Before the proof, let us recall Lagrange’s Theorem.

Lagrange’s Theorem

If $G$ is a finite group and $H$ is a subgroup of $G$, then the order $|H|$ of $H$ divides the order $|G|$ of $G$.

Proof.

If $a=0$, then we clearly have $a^p \equiv a \pmod p$.
So we assume that $a\neq 0$.
Then $\bar{a}=a+p\Z \in (\Zmod{p})^{\times}$.

Let $H$ be a subgroup of $(\Zmod{p})^{\times}$ generated by $\bar{a}$.
Then the order of the subgroup $H$ is the order of the element $\bar{a}$.
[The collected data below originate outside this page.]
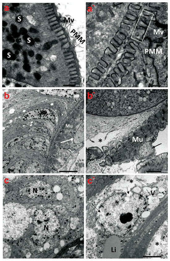 By contrast, the ultrastructure of the polluted midgut showed substantial anomalies in the midgut epithelium, such as nuclear lysis, vacuolization, low cytoplasmic content, and loosening of cells, followed by necrosis and the disintegration of regenerative epithelial cells, as delineated in Figure 5a`–c`. The midgut epithelium’s brush border also underwent alterations, showing a marked reduction in number compared to the control group at the same magnification. Indeed, the microvilli are significantly shorter, misshapen, and may be non-functional. In addition, the microvilli are irregularly thick and distorted (Figure 5a`). Evidently, the basal lamina and the muscle layer were in some parts of the midgut separated from each other. Figure 5b` shows that the circular muscles become morphologically altered, thinner, disintegrated, and sometimes separated from the previous connective tissue layer. In addition, their nuclei emerged indented and irregular in shape. The midgut epithelium from the polluted water showed irregularly shaped nuclei in advanced stages of degeneration, with indented and ruptured nuclear envelopes, lysis of the nuclear content, and cytoplasmic proteolysis. A rupture of the cell membrane and some signs of necrosis in both the nuclei and cytoplasm of the epithelial cells were detectable. Large vacuoles were present in the epithelial layer, and nidi were almost absent (Figure 5c`).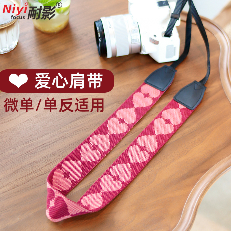 爱心相机背带复古肩带单反微单背带相机时尚摄影背带挂脖文艺可爱挂绳挂带适用于佳能拍立得索尼尼康富士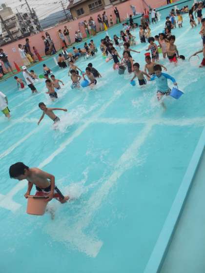 PTA主催で,毎年恒例となっている「魚つかみ大会」が9日の日曜日に開催されました。多くの1年生の児童も集まり,とても楽しそうに魚をおっかけていました。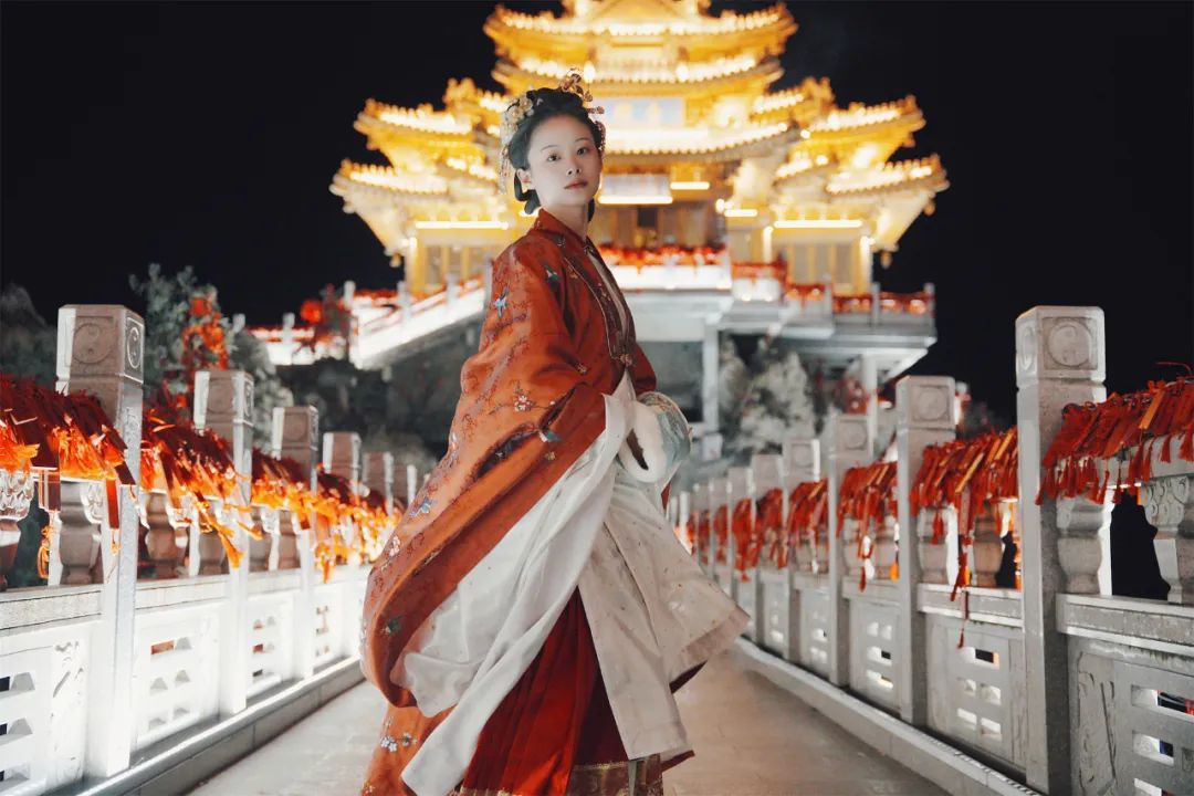 當漢服遇上(shàng)夜景,竟也(yě)如(rú)此驚豔,古風(fēng)古韻的(de→)場(chǎng)景,讓人(rén)瞬間(jiān)穿越。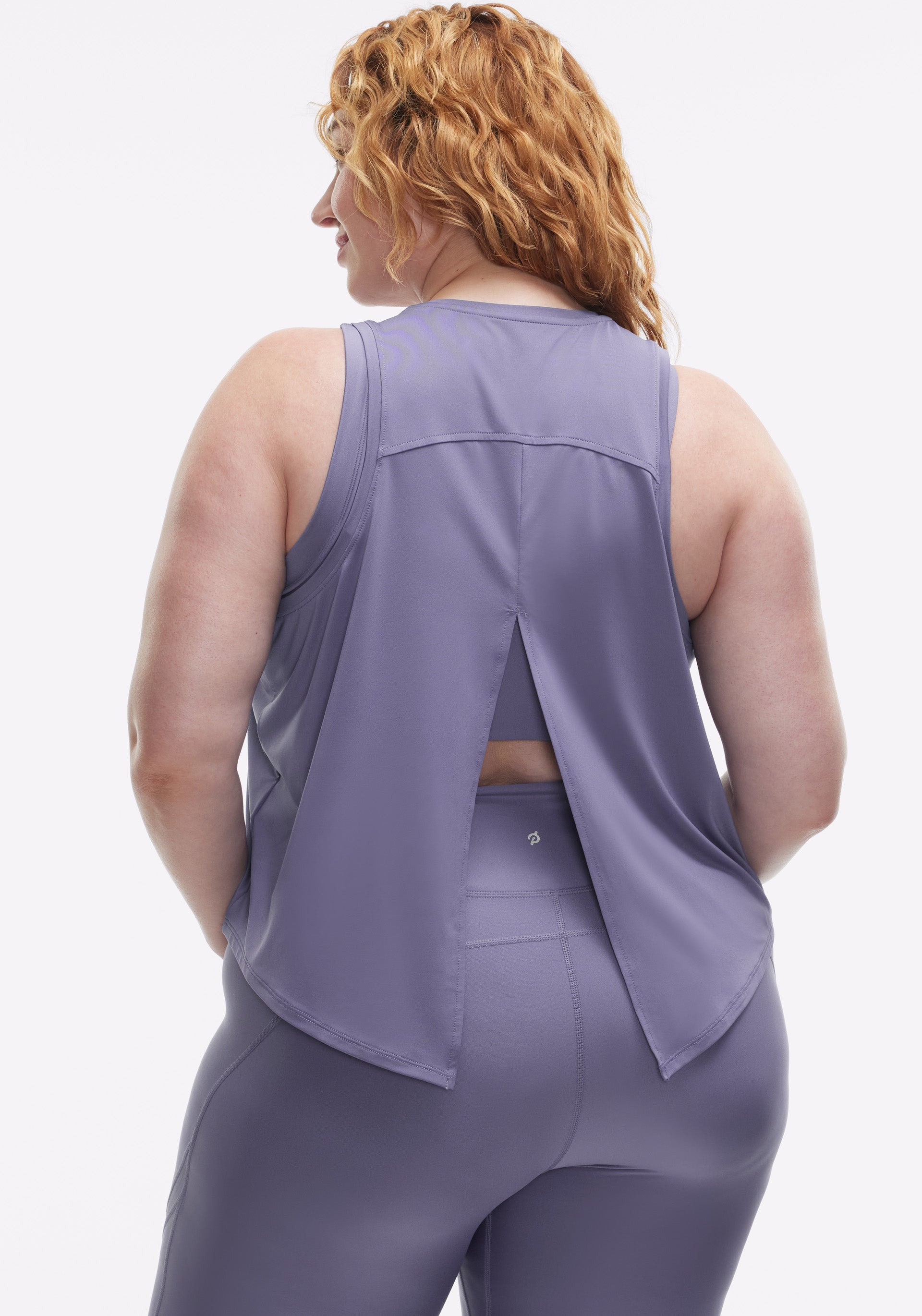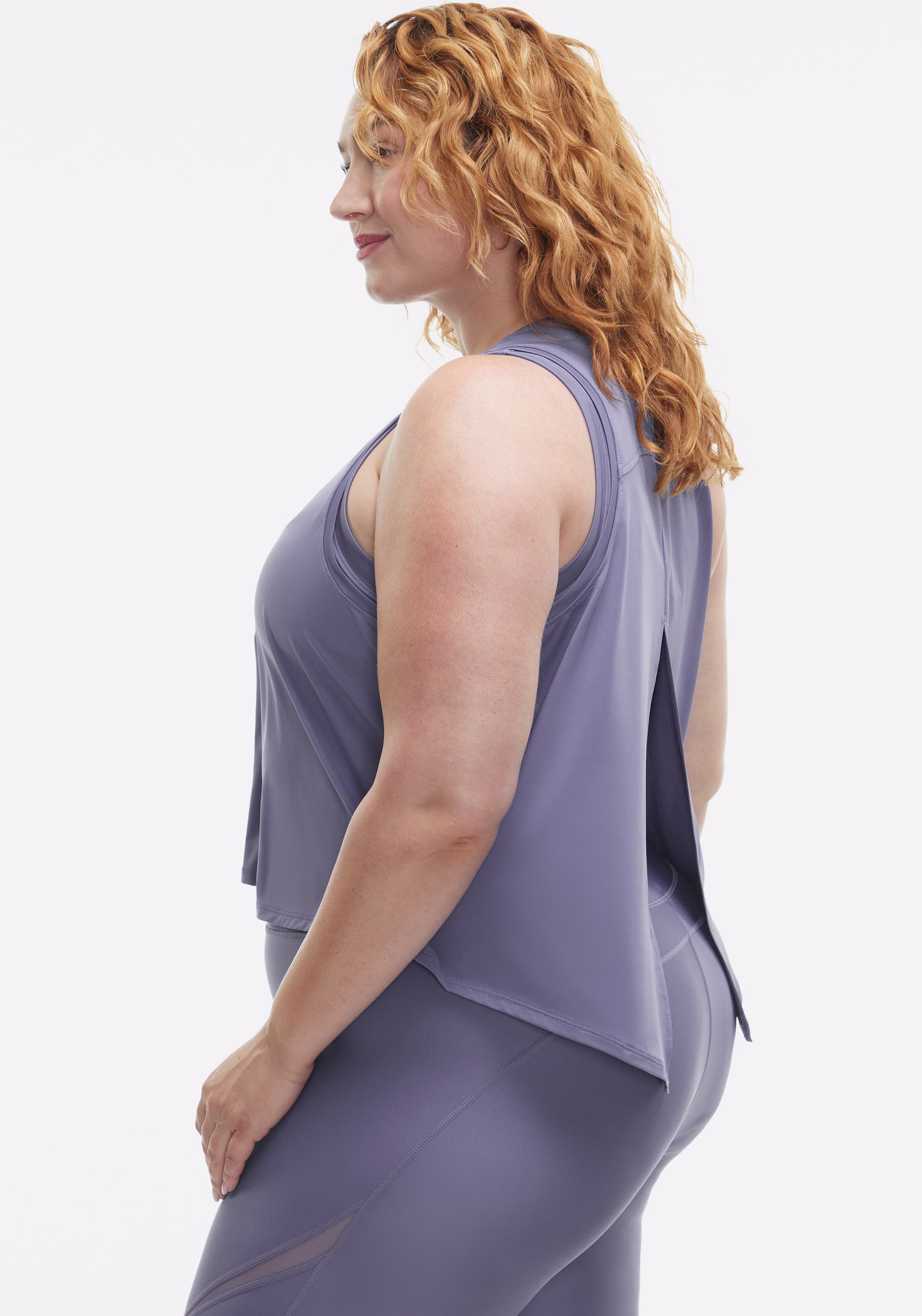 - Crew neck muscle tank with splice back detailing for added ventilation

By Lagrange’s Theorem, the order $|H|$ divides the order of the group $(\Zmod{p})^{\times}$, which is $p-1$.
So we write $p-1=|H|m$ for some $m \in \Z$.

Therefore, we have
\begin{align*}
\bar{a}^{p-1}=\bar{a}^{|H|m}=\bar1^m=\bar1.
\end{align*}
(Note that this is a computation in $(\Zmod{p})^{\times}$.)

This implies that we have
\[a^{p-1}\equiv 1 \pmod p.\]
Multiplying by $a$, we obtain
\[a^{p}\equiv a\pmod p,\]
and hence Fermat’s Little Theorem is proved.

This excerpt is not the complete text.